## Your goal
Among the entries below, find the line with "GG Pxl 10 Pro" and the line with "作为功夫系列电影的《叶问》,前两部评分都". Return exactly those lines and every line between them, but no pictures.
Top of Data supplied
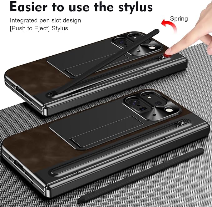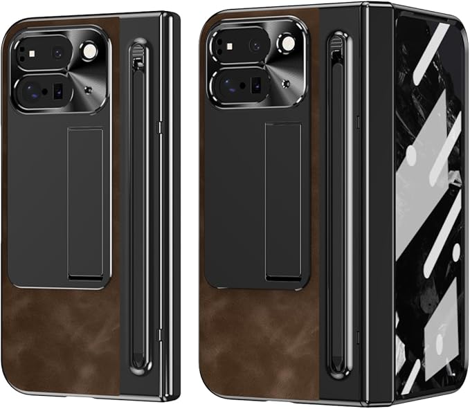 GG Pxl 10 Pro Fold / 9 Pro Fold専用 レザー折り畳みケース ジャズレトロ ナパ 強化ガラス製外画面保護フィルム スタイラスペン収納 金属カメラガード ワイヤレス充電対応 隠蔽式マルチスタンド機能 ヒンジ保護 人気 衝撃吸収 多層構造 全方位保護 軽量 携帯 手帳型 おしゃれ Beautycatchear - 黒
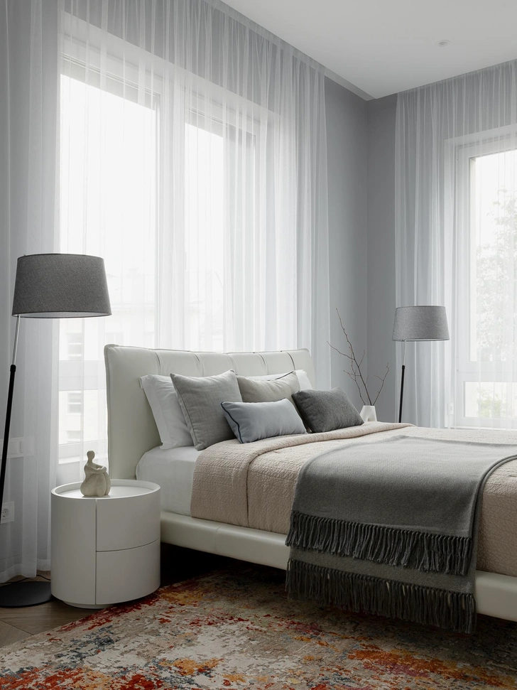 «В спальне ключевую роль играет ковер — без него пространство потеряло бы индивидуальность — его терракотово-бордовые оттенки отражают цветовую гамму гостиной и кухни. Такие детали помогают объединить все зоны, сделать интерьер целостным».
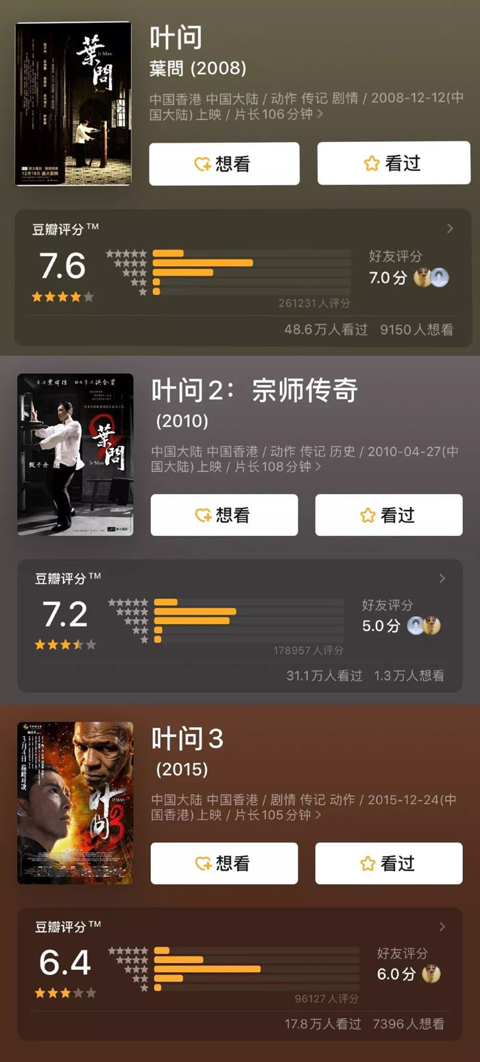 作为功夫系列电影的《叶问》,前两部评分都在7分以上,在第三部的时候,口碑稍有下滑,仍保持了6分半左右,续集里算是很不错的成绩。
Bottom of Data supplied
Top of Data supplied
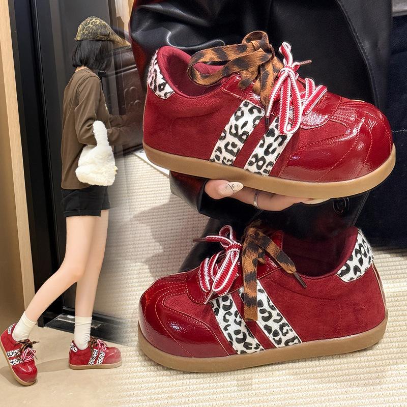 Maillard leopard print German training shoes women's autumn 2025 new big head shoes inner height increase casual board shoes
Bottom of Data supplied
Top of Data supplied
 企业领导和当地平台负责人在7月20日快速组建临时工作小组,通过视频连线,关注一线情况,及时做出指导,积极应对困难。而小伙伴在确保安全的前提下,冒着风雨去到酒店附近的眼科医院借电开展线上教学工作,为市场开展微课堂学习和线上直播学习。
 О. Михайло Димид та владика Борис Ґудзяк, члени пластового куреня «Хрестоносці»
Bottom of Data supplied
## Task output
 GG Pxl 10 Pro Fold / 9 Pro Fold専用 レザー折り畳みケース ジャズレトロ ナパ 強化ガラス製外画面保護フィルム スタイラスペン収納 金属カメラガード ワイヤレス充電対応 隠蔽式マルチスタンド機能 ヒンジ保護 人気 衝撃吸収 多層構造 全方位保護 軽量 携帯 手帳型 おしゃれ Beautycatchear - 黒
 «В спальне ключевую роль играет ковер — без него пространство потеряло бы индивидуальность — его терракотово-бордовые оттенки отражают цветовую гамму гостиной и кухни. Такие детали помогают объединить все зоны, сделать интерьер целостным».
 作为功夫系列电影的《叶问》,前两部评分都在7分以上,在第三部的时候,口碑稍有下滑,仍保持了6分半左右,续集里算是很不错的成绩。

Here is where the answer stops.